Danny stood up and stepped into the opened doorway. John lunged forward and grabbed him by the shoulders, pulling him back into the shadows. “Wait!” John whispered into his ear.

(Chapter 17 continues after illustration)

“That’s our window!” Danny whispered back to him. “He stole that too!”

“If that’s our window, then good,” John said. “At least it’s safe. At least we know where it is. But probably it’s a window just like ours. Let’s see what he’s up to.”

Mr. Deener’s humming suddenly stopped, and both John and Danny held their breath, waiting. Had he heard them? John peeked past the door frame again. Mr. Deener stood very still in front of the table. He seemed to be looking into the jar of glass chips as if it were a crystal ball. His hair blew in the wind through the open window, and his coat-tails danced.

Silver moon beams shined into the room, drifting toward the hanging window, seeping into it. As if it were an aquarium, the level of moonlight rose in the window, higher and higher, swirling around in the pale green glass until it flowed out over the top, spilling into the open jar of glass chips.

Mr. Deener stood right behind the table, still peering closely into the jar. He was no longer humming or singing or crying or talking to himself, but seemed to be hypnotized by what he saw in the jar. Rainbow-colored moonlight shone through his wispy hair, and the hanging window swung slowly back and forth in the wind.

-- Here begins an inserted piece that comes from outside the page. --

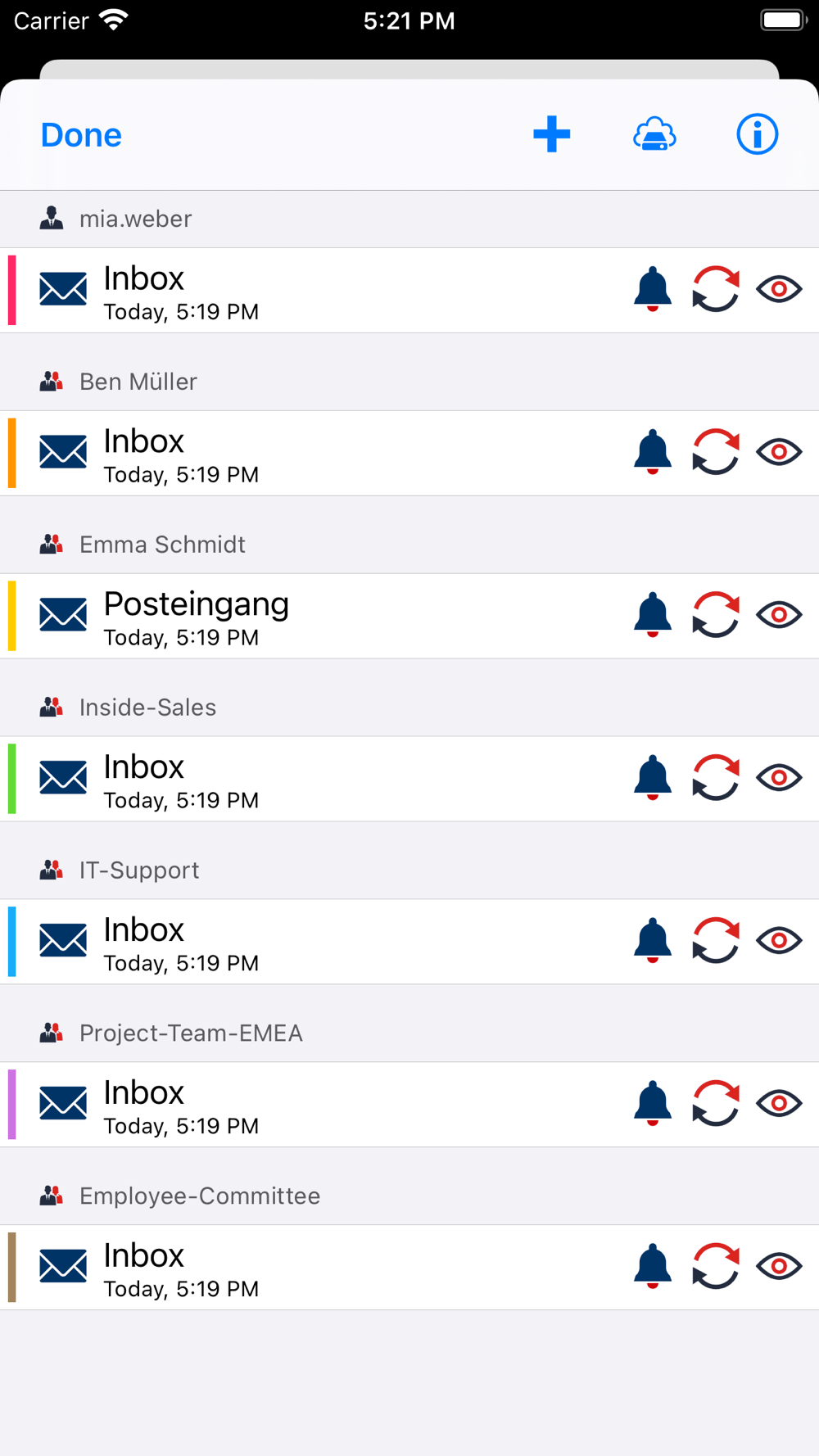 • Only 3 default folders for the master account (inbox, contacts, calendar)

And then, from out of nowhere, a goblin stood next to Mr. Deener.

It had happened so quickly, that John had barely seen it appear. There had been a blur of light and shadow, and then the moonlight had seemed to blink, and the goblin stood there on its skinny little legs. It was half Mr. Deener’s size,—a shriveled-up Mr. Deener. It shook its head and gobbled a little bit, as if trying out it voice for the first time. Then it began to cry, sounding very much as Mr. Deener had sounded just a few minutes earlier. Mr. Deener gasped and trod backward, pushing it away from him.